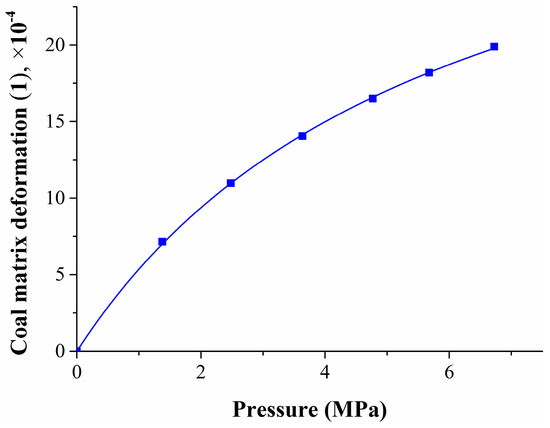 Figure 6 shows that, with the decrease in equilibrium pressure, the coal matrix shrinkage deformation decreased in a logarithmic manner, mainly caused by methane desorption. The relationship between the coal matrix deformation and the pressure can be expressed as
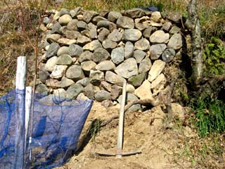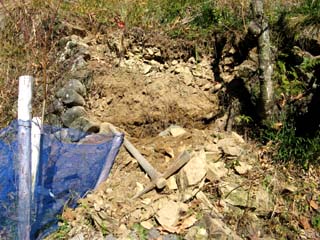ここにも崩れた石垣が…。 これは、ほぼ一年前少し崩れて 夏の大雨でドサッ!と崩れ こんな無惨な状態に! 土が湿っていると直しにくいので 雨がほとんど降らないこの時期が 修理の季節となります。 昨日、風邪気味の中 大きな石を大量に運んでて 暑くて汗ビッショリになったので シャツ1枚になってやってたら 夕方寝込んでしまいました。 この時期にシャツ1枚は無謀でした。 皆さん気をつけましょう!
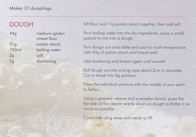 Christopher Tan, a food expert in Singapore, gifted me the book when I visited him in December; we have an ongoing cookbook exchange. Chris and I both noted how the authors, Janice Wong and Ma Jian Jun, opted not to use wheat starch for har-gow dough and the like.
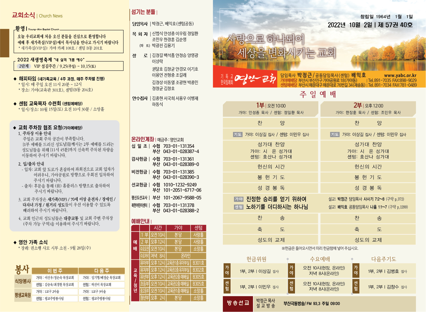 2022년 10월 2일 주보 (가야예배당) 페이지 정보 작성자 관리지기 작성일22-10-01 13:56 조회3,915회 댓글0건 관련링크 목록 본문 2022년 10월 2일 주보 (가야예배당) 댓글목록 등록된 댓글이 없습니다. 목록
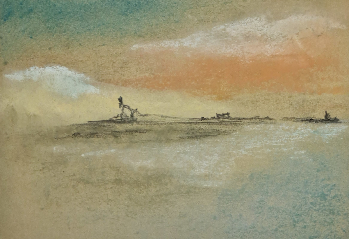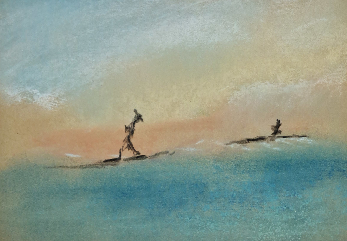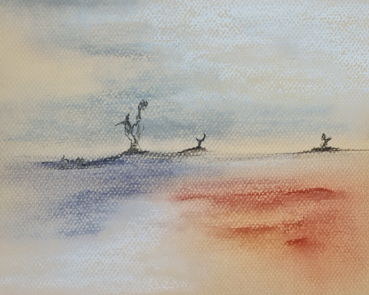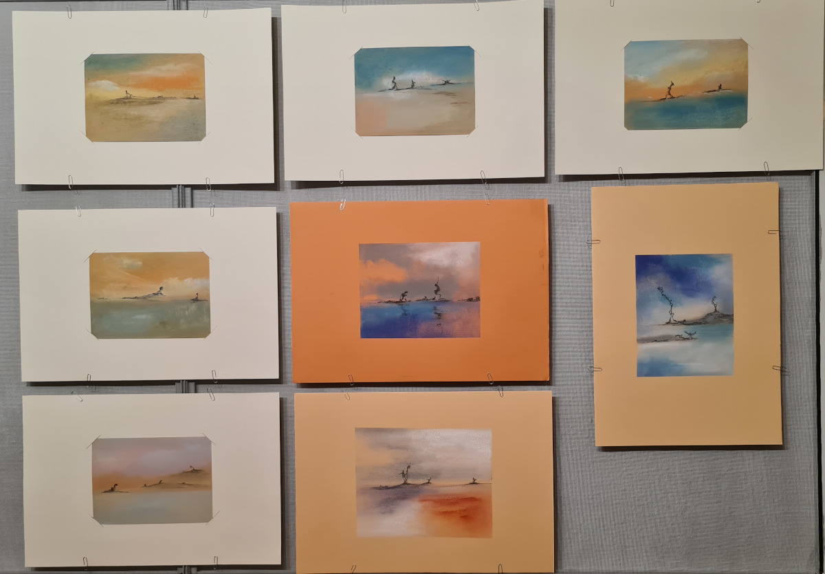 - Leitmotiv: Mensch in der KI-Ära. Fragmentarische Reflexion des Menschen in der KI-Ära, verbunden mit einer bewussten Rückkehr zum Handwerk durch verwendung von Holzkohle und Pastell.
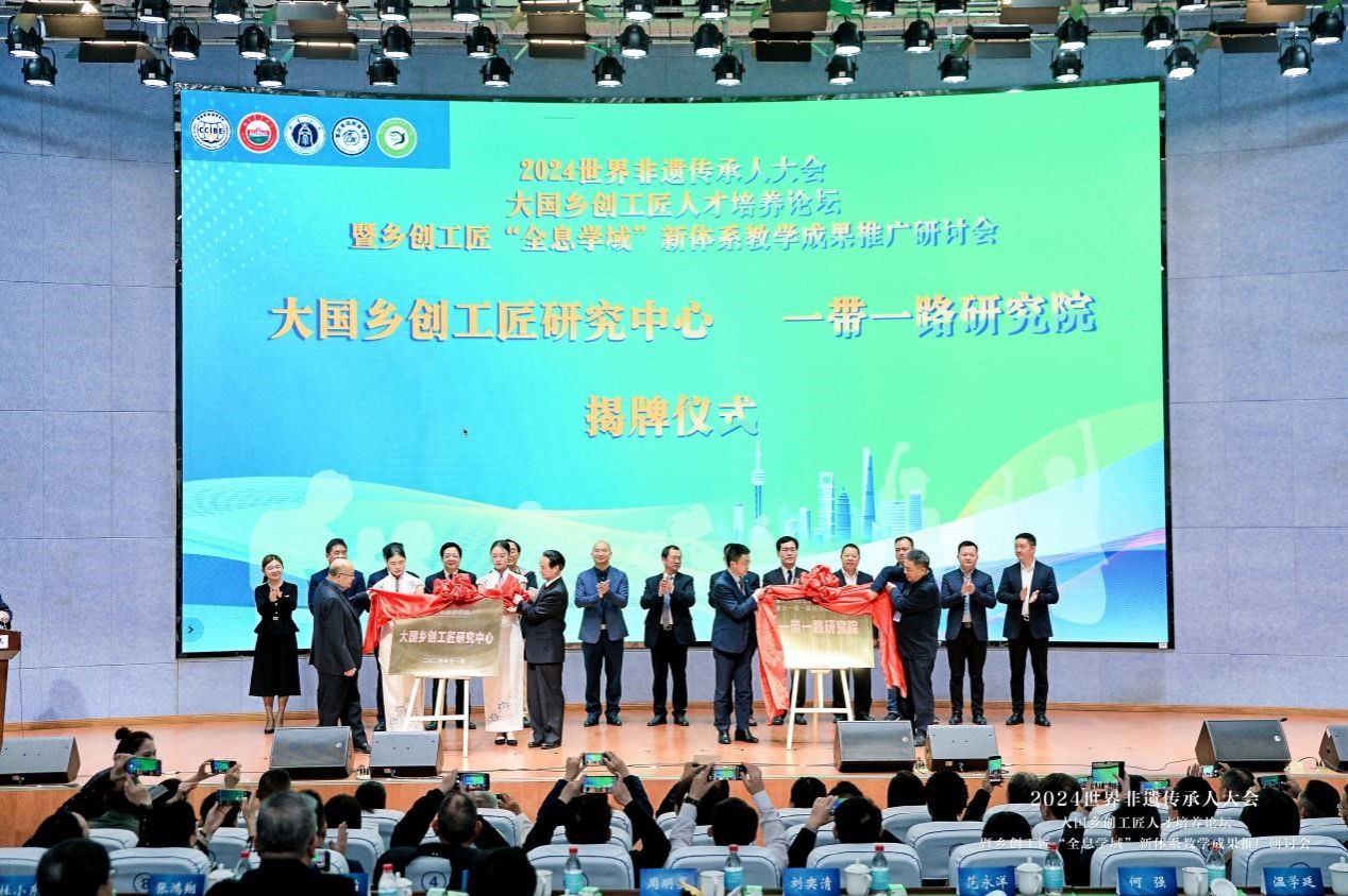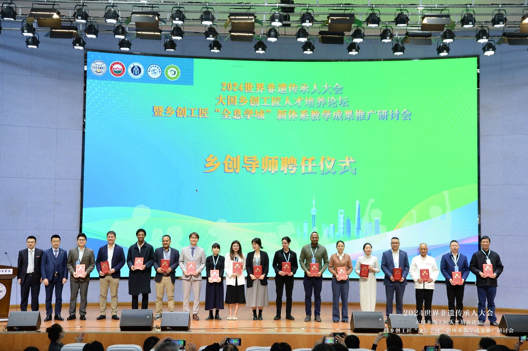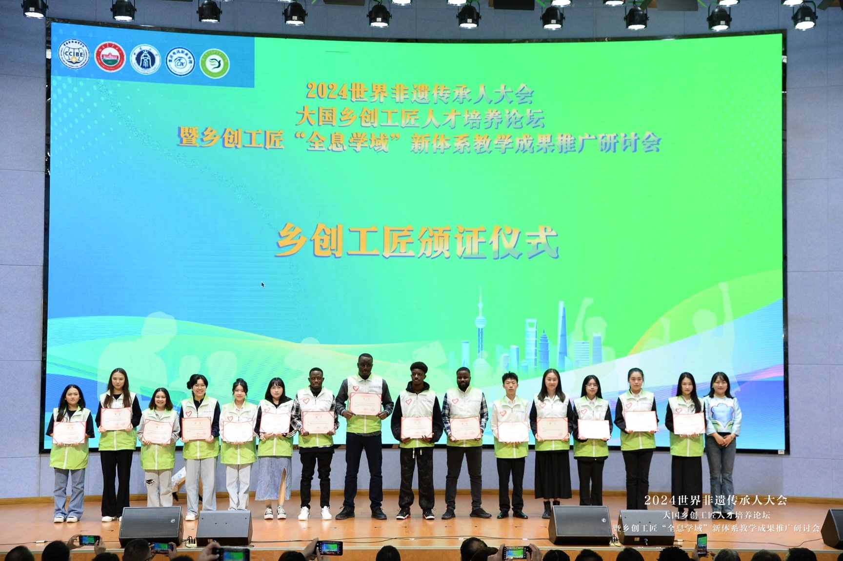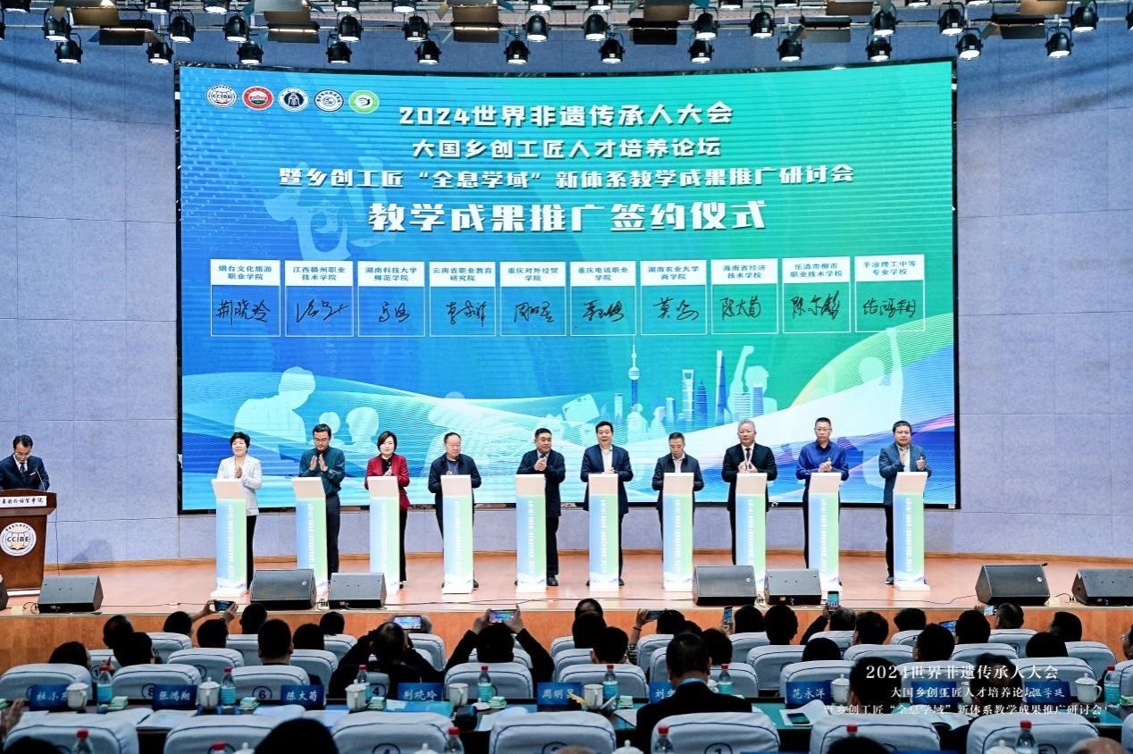 副校长周明星教授说:我们通过政行企校联合培养,历经八年的教育教学实践探索,形成的涉外乡创工匠CEO“全息学域”新体系教学成果,该成果具有全国首创性、引领性、示范性和推广性,秉持培育“终身创客”理念,形成“生源息—生产息—生成息”的“全息”路径,构建“立心领域—厚识界域—富能场域”的“学域”,铸造“在校学习—在职研习—在岗创习”的终身学习链,努力破解世界非遗传承人和乡创工匠教育培养教学难题,构建了“乡创工匠”新理论,营建了“产创共生”新机制,创建了“全息学域”新体系,该成果报告还在刚刚召开的2024世界非遗大会新闻发布会上进行了典型经验宣读。

Your goal:
Your output should be exactly the lines of the records above from the one with "- Leitmotiv: Mensch" through the last, both ends included, with pictures excluded.

Task output:
 - Leitmotiv: Mensch in der KI-Ära. Fragmentarische Reflexion des Menschen in der KI-Ära, verbunden mit einer bewussten Rückkehr zum Handwerk durch verwendung von Holzkohle und Pastell.
 副校长周明星教授说:我们通过政行企校联合培养,历经八年的教育教学实践探索,形成的涉外乡创工匠CEO“全息学域”新体系教学成果,该成果具有全国首创性、引领性、示范性和推广性,秉持培育“终身创客”理念,形成“生源息—生产息—生成息”的“全息”路径,构建“立心领域—厚识界域—富能场域”的“学域”,铸造“在校学习—在职研习—在岗创习”的终身学习链,努力破解世界非遗传承人和乡创工匠教育培养教学难题,构建了“乡创工匠”新理论,营建了“产创共生”新机制,创建了“全息学域”新体系,该成果报告还在刚刚召开的2024世界非遗大会新闻发布会上进行了典型经验宣读。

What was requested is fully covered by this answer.